For those looking to expand their families, adoption is an option you may have considered. The adoption process is long and expensive, and sometimes never works out. After years of trying, our very reputable adoption agency, Independent Adoption Center (IAC), went out of business and we lost all the money we had given the organization. An alternative to adopting a child through an agency is adopting a child through the foster care system. In 2016, when our adoption journey came to end end, there were 117,794 children in the foster care system looking for adoptive parents. We chose to become foster parents and the experience has been eye opening. My wife and I have become advocates for more people to become foster care parents. Here are four things you should know about fostering to adopt:
Cost
Going through an adoption agency to adopt a child is a pricey process. The average cost of adopting a newborn child through an agency costs $42,337. Adopting through an attorney and not using an agency costs, on average, $31,890. However, the fees associated with adopting a child from foster care are typically funded by the state, making this type of adoption free or low cost.

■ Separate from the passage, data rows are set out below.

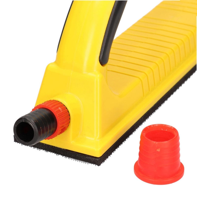 Model wyposażony w 53 otwory odpylające oraz system odciągu pyłu pozwala pracować bezpyłowo, co znacząco zwiększa komfort i czystość w miejscu pracy. Ergonomiczna rączka zapewnia pewny chwyt i stabilność, a mocowanie papieru ściernego na rzep umożliwia szybką wymianę materiału ściernego bez użycia narzędzi.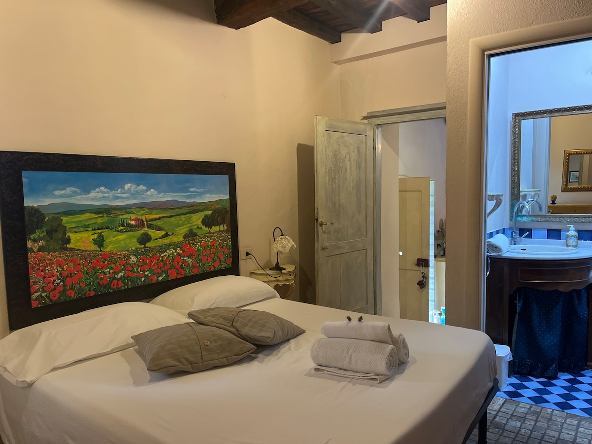 A unique experience in a historical dwelling located in the Chianti region. This medieval castle is situated in a strategic position, surrounded by the major Tuscan touristic attractions. The suite is at the entrance floor level: double bedroom with bathroom, sofa bed for two people, kitchenette, fireplace.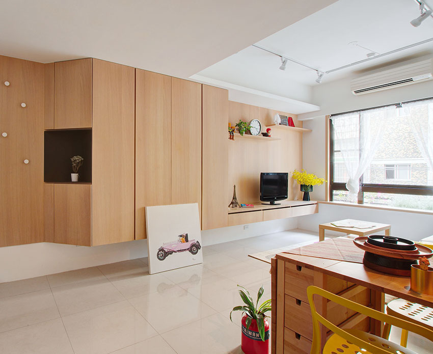 如果廚房外的區(qū)域也有一個小陽臺,那么不妨在陽臺的角落放置一個純粹清理外表的儲物柜,存放一些不常用的物品。也可以將清洗拖布、晾曬衣物的家務移到這里來進行,這樣就算廚房與衛(wèi)生間面積偏小,為了日常的清潔工作,也不必在廚房里放一個與設計風格徹底不搭界的清洗盆了。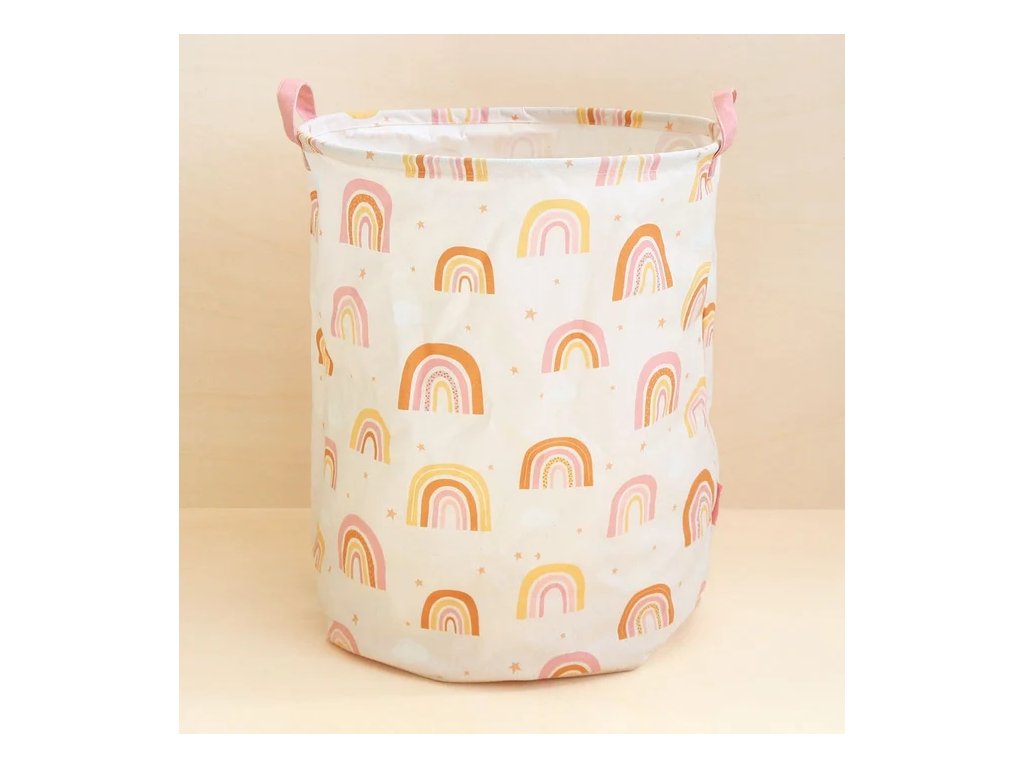 Coș de depozitare adorabil cu motiv curcubeu – perfect pentru jucării și rufe!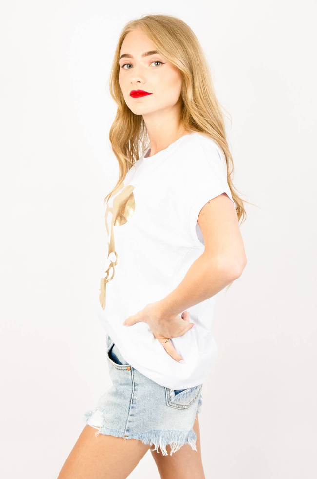 BAŁY T-SHIRT ZE ZŁOTYM NADRUKIEM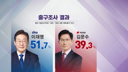 이재명 51.7%·김문수 39.3%…방송3사 출구조사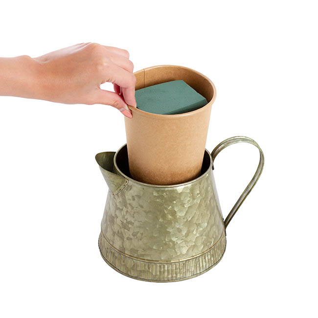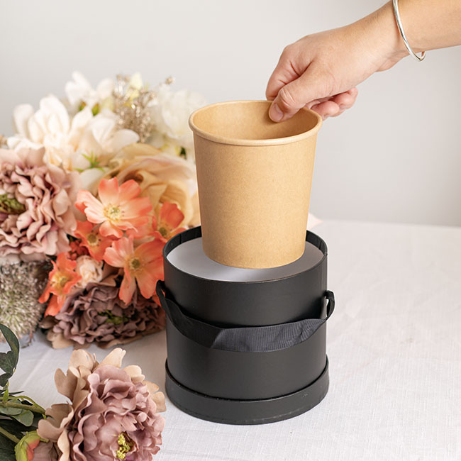 Paper takeaway container will hold about one third of a floral foam brick. This eco-friendly container is waterproof and it sits perfectly inside a mini box and other non-water resistant planters. 11.5cm diameter x 12cm high. It's also food safe. Please note this product is sold as a single item. The plastic container featured in the fourth image is not sold with the product. The floral foam featured in the fifth image is also not sold with this product.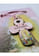 Drevený prívesok na ružovej šnúrke - krížik s farebným obrázkom Panny Márie a s nápisom Fatima.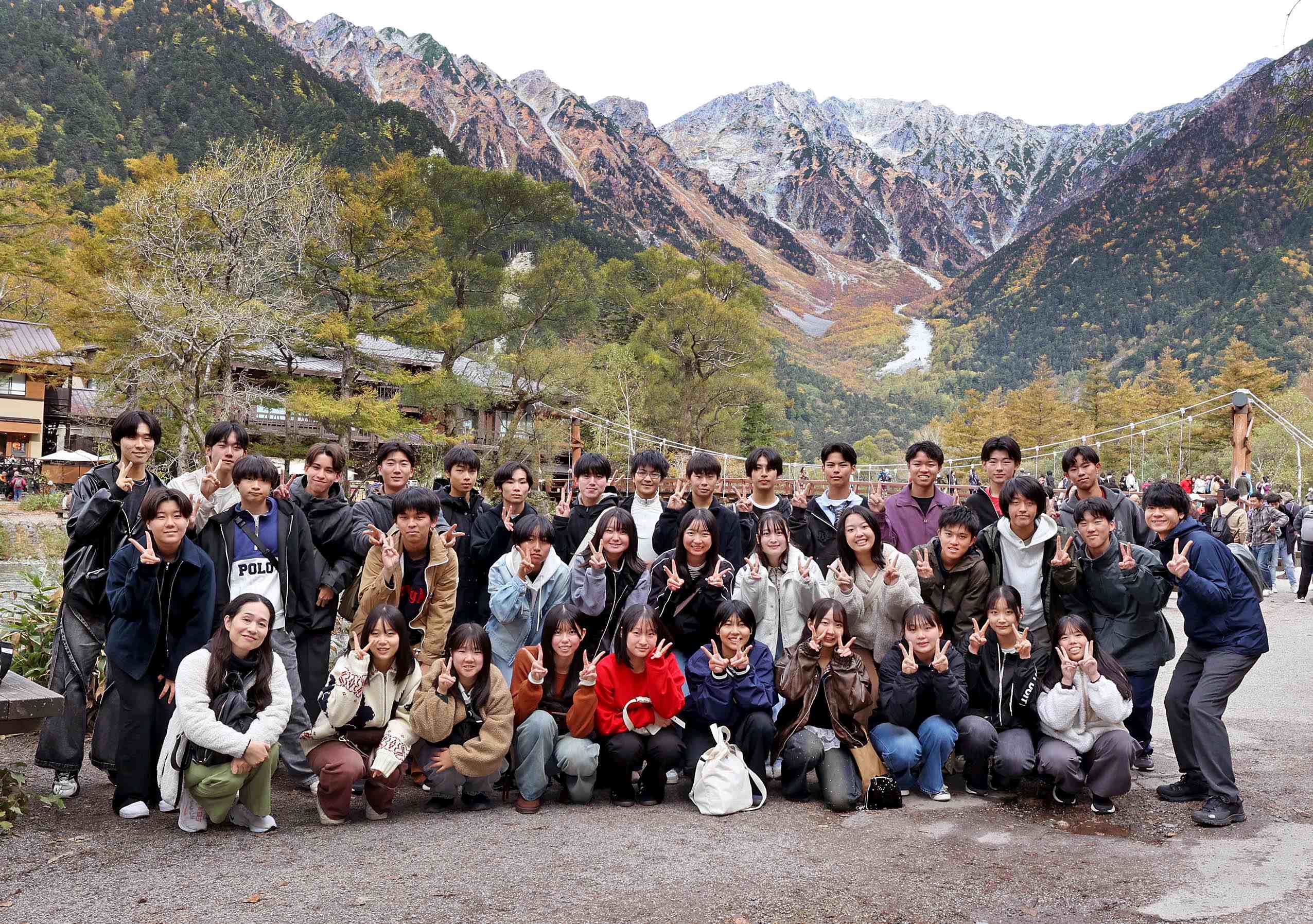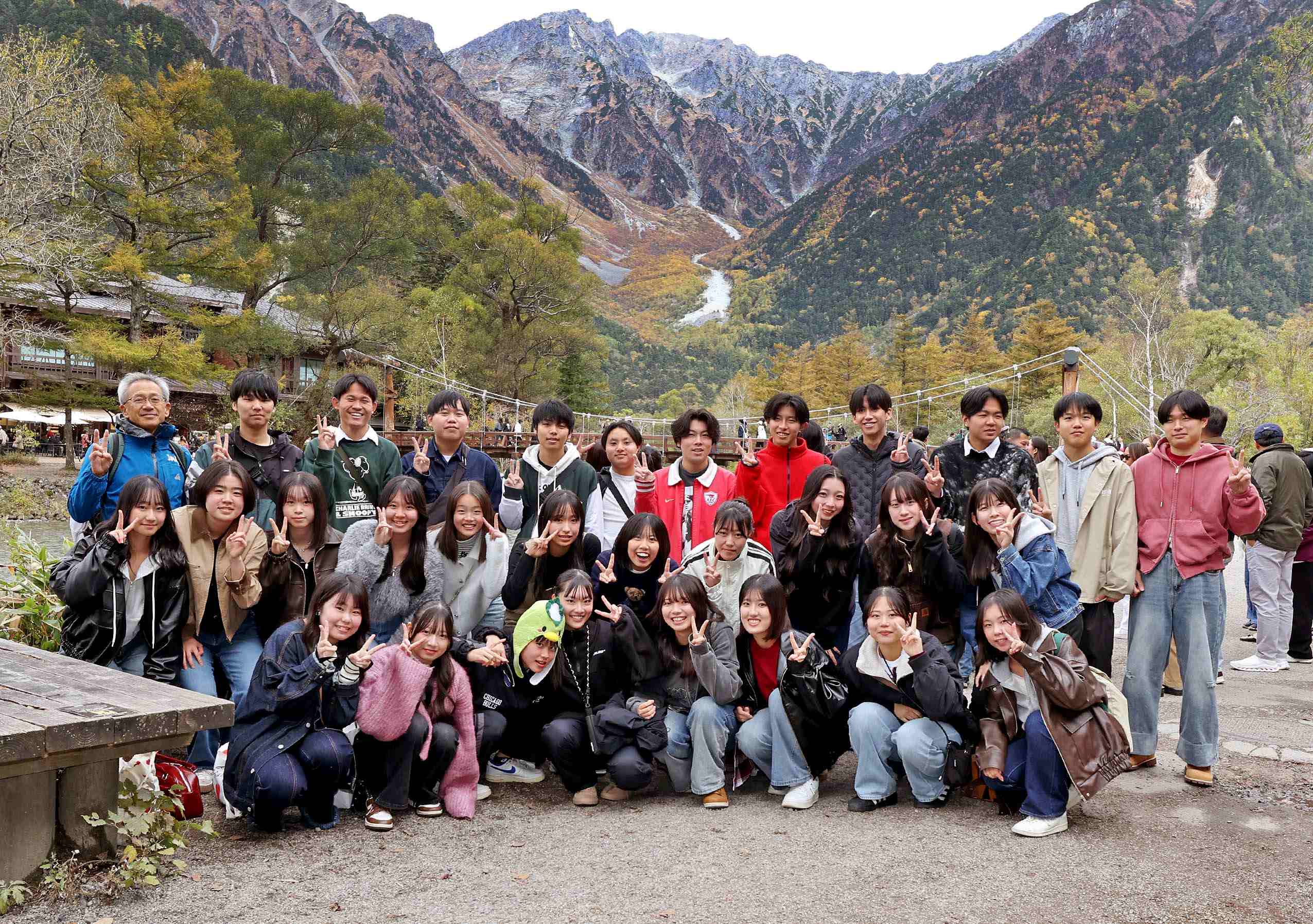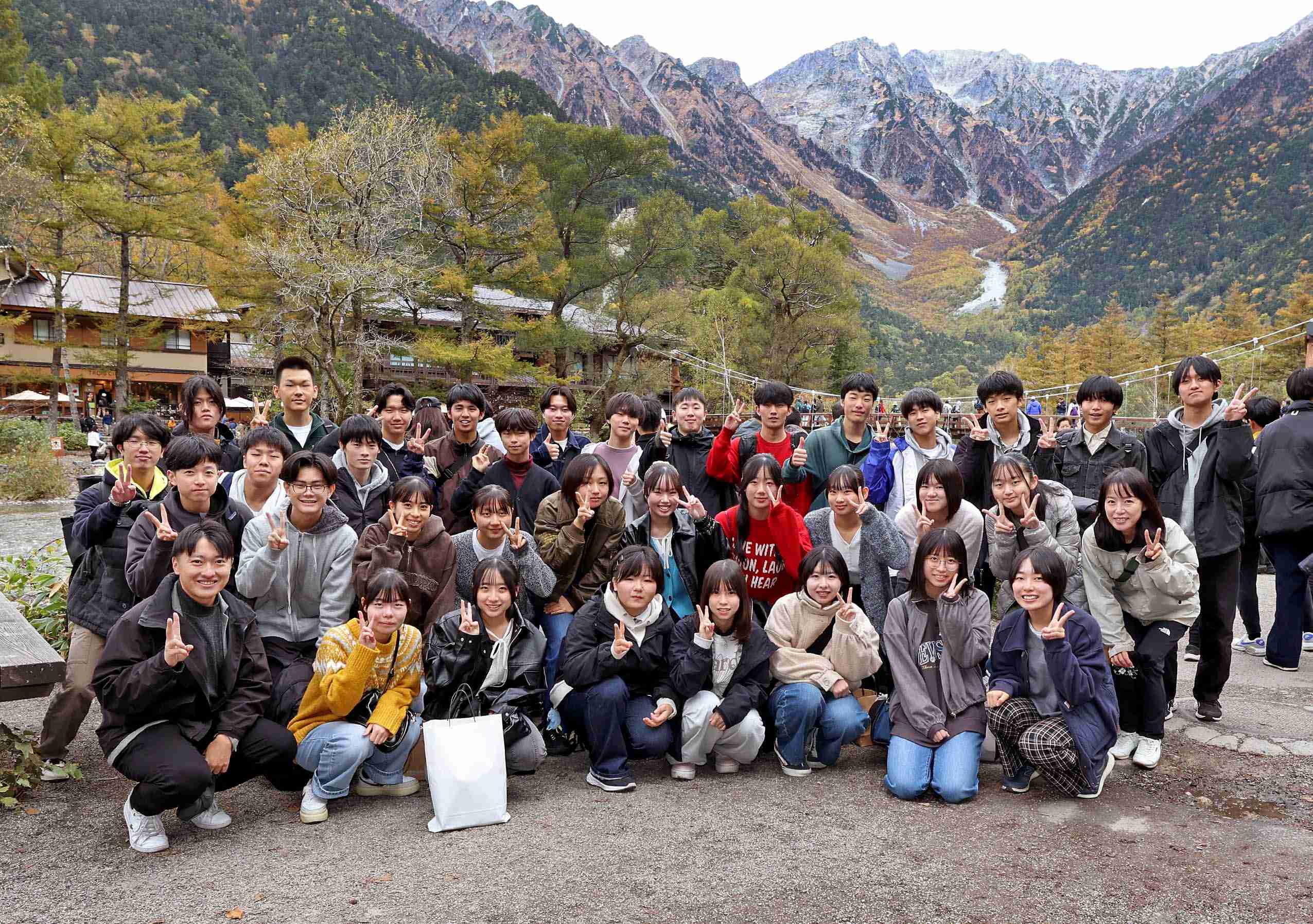 10月21日(火)、3年次生は遠足で長野県にある中部山岳国立公園上高地に行ってきました。河童橋でクラス毎に記念写真を撮った後は、クマの出没に備え、全員で梓川の左岸から明神橋を目指し、明神橋を渡って河童橋まで戻ってくるコースを散策しました。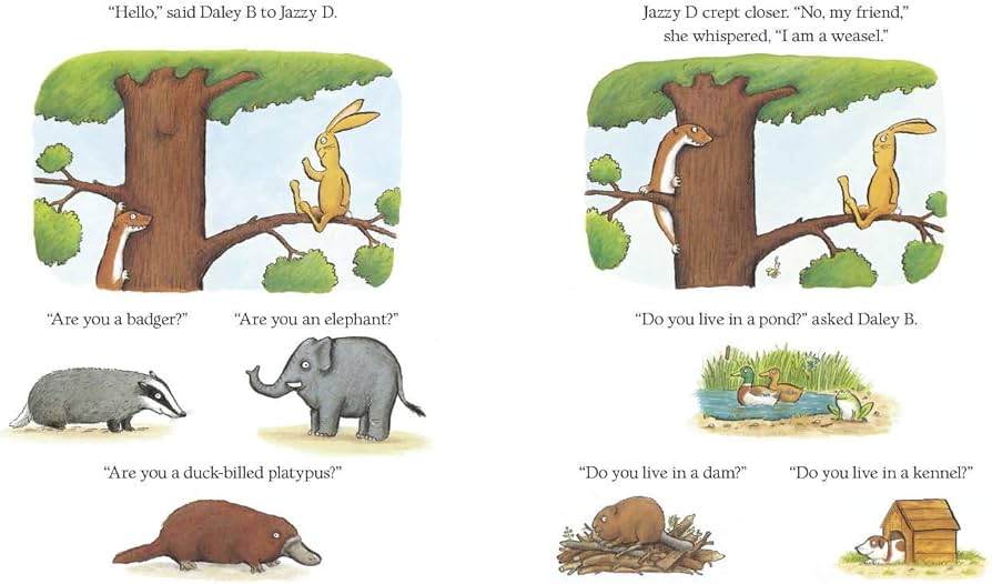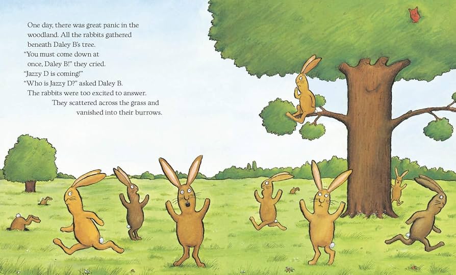 Then, one day, there is panic in the woodland. The wicked weasel Jazzy D is on her way – and she eats rabbits! But Daley B is unperturbed – and when Jazzy D attacks, he finally finds a use for his big feet and kicks her. He also finds out what he is – a hero!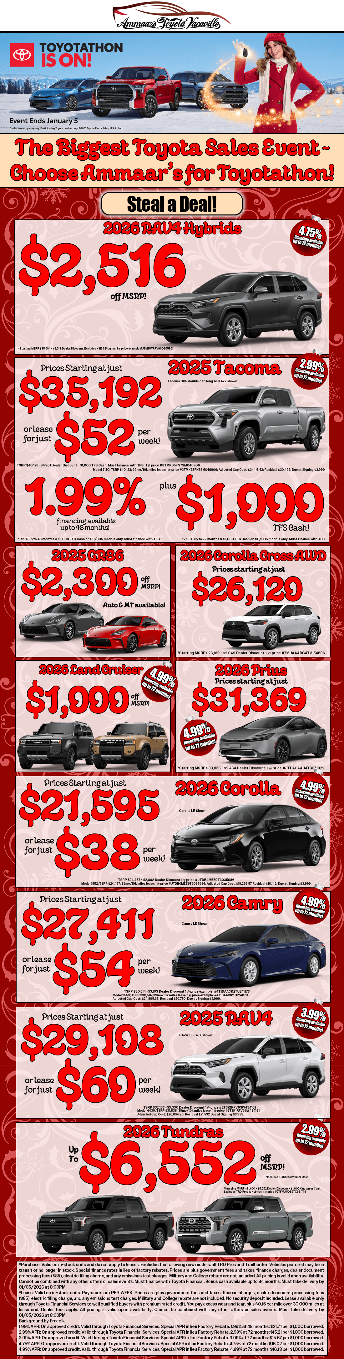 Who doesn’t like a good car advertisement? Maybe we aren’t an award-winning ad agency, but we sure are proud of what we offer – that’s why we create the ads. We want people to know what we have to offer here at Ammaar's Toyota Vacaville. If you don’t see one of our ads that you have seen run before, let us know.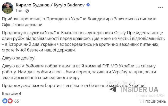 Принял предложение Президента Украины Владимира Зеленского возглавить Офис Президента, — Буданов Под… 02.01.2026Нацыянальная бясьпека. Дайджэст Принял предложение Президента Украины Владимира Зеленского возглавить Офис Президента, — Буданов Подписаться на INSIDER UA | Прислать контент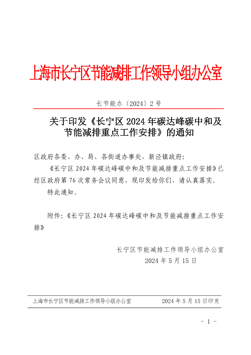 關于印發(fā)《長寧區(qū)2024年碳達峰碳中和節(jié)能減排重點工作安排》的通知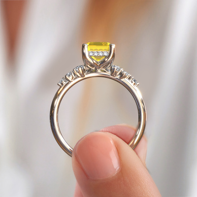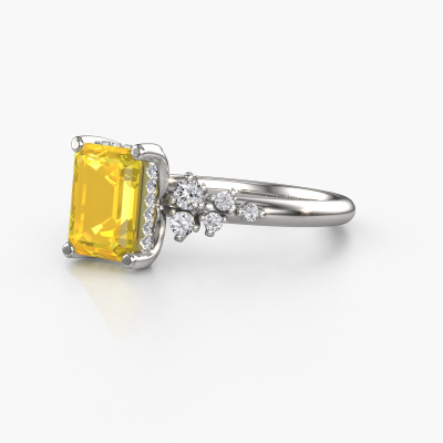Nous avons donné le nom Emma EME à la bague de fiançailles mentionnée ci-dessous. Ce type de bague de fiançailles est appelé une bague de fiançailles solitaire pavé car elle ne comporte qu’une seule pierre centrale et les tiges de la bague de fiançailles ont également une finition pleine. Cette bague de fiançailles est forgée en or 14 Carat et comporte un saphir jaune taille émeraude de 8x6 mm. Des diamants synthétiques sont sertis dans les épaules latérales de l’anneau. Chaque bijou est faite avec passion et amour par l'un de nos maîtres orfèvres.. Cette bague de fiançailles solitaire pavé forgée en or blanc fantaisie a un beau saphir jaune taille émeraude en guise de pierre centrale, avec plus de diamants synthétiques dans l’anneau pour accentuer encore plus l’effet de la pierre centrale. Le sertissage à griffes autour du saphir jaune étant ouvert, le saphir jaune capte la lumière de tous les côtés et brille de manière optimale. Ci-dessus, vous pouvez voir comment notre orfèvre a travaillé la bague de fiançailles dans les moindres détails. de telle sorte que le saphir jaune élevé puisse véritablement attirer tous les regards. Quelle belle bague de fiançailles à offre lors de votre demande en mariage à l'amour de votre vie, à votre centre rayonnant ! Saviez-vous que nous offrons la garantie du meilleur prix pour votre bague de fiançailles? Cela est possible car tous nos bijoux sont fabriqués à la main dans notre propre atelier. Nous n'avons pas de frais de stocks qui sont coûteux, et nous fabriquons votre bague uniquement une fois que vous l'avez commandée. Grâce au fait que nous ayons toute la production du bijou en main, nous pouvons vous informer sur toutes les caractéristiques de cette bague de fiançailles. C’est précisément parce que l’achat d’une bague en ligne est une expérience excitante que nous comprenons qu’il est plus confortable pour vous de connaître toutes les caractéristiques de votre bague.Notre équipe ajoute quotidiennement de nouveaux modèles à notre collection en ligne. Nos designers et orfèvres travaillent ensemble pour créer le meilleur design. Nous nous efforçons d'offrir une collection diversifiée de bijoux. Peut-être avez-vous déjà en tête un bijou en particulier ? Un bijou que vous avez trouvé quelque part. Veuillez nous contacter pour une consultation gratuite. Nous vous ferons une offre, basée sur un rapport qualité / prix juste, qui vous déconcertera.Pour vous faciliter la tâche, vous pouvez facilement nous retourner tout bijou commandé dans les 30 jours suivant la livraison.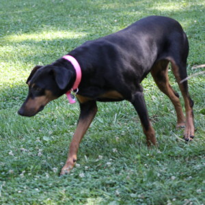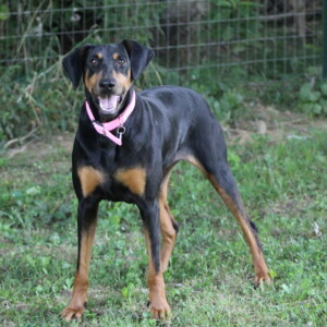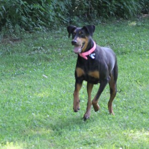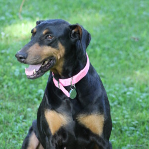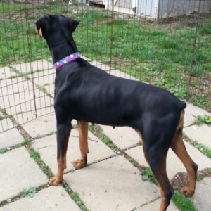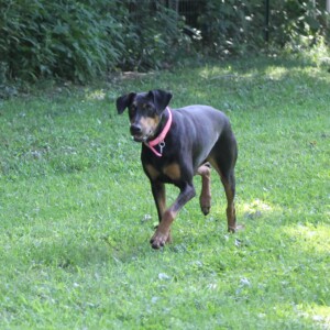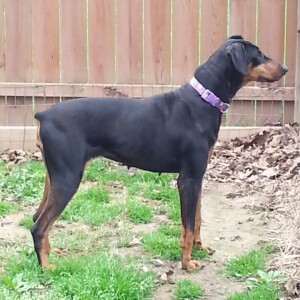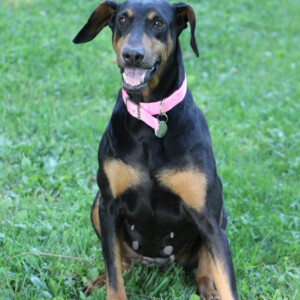 The most adorable part of London is she loves to give you a big dobie smile. Some people are taken back by this at first but once you realize she is only smiling then you find out her personality is to please her people.

Some states also offering varying degrees of adoption assistance that can be used to help cover medical expenses and a child’s specific needs. Costs aside, there are young vulnerable children who need you to give them safety and stability at a difficult time in their very young lives.
Age
When adopting through an agency, you have a better chance of being able to adopt an infant. While there is a chance of adopting an infant when adopting through foster care, it is more rare. The median age of a child looking to be adopted from foster care is 8-years-old. Our former foster daughter was placed with us as an infant. We met many others in a similar situation, so there is no shortage of infants in foster care. But that doesn’t mean you will end the fostering journey at adoption. When we became foster parents we had been focused on adoption previously. Somewhere along the way we have become foster parents through and through. We would still welcome an adoption, but as I write in my previous blog post fostering is not the same as adopting. Becoming foster parents changed us. It’s like overlapping your family life as a parent with social action or enjoying a kind of love even bigger than how we felt as adoptive parents.
Training
Children in foster care sometimes end up in the system because of abuse, neglect or abandonment. When this is the case, it leaves them with some lasting trauma, even if they were young at the time they entered the system. Parents who plan to adopt through the foster care system need to attend specific training so they better understand what effect trauma has on a child and what they can do to help the child heal. Having worked with hundreds of students who had a history of trauma as an alternative high school principal, I thought I knew it all. But the training to become a foster parent was meaningful and made a difference for me.
Waiting
You may think that as soon as you decide to foster a child you’ll receive a phone call telling you that they’re ready to place a child with you. In fact, we got our first placement before we even heard that we were officially cleared to be foster parents. So it can happen more quickly than you ever imagined. At the same time, you may have to wait before you get your first placement depending on where you live and what cases are being reported to the offices that handle child welfare services. Even once you receive a child, you will have to wait before you know if you’re able to adopt them. The foster care system focuses on trying to reunite children with their birth families. Birth parents and their family are given time before they must give up parental rights making the child available for adoption. There is no way to know how long you may have to wait until you can adopt a child through the system.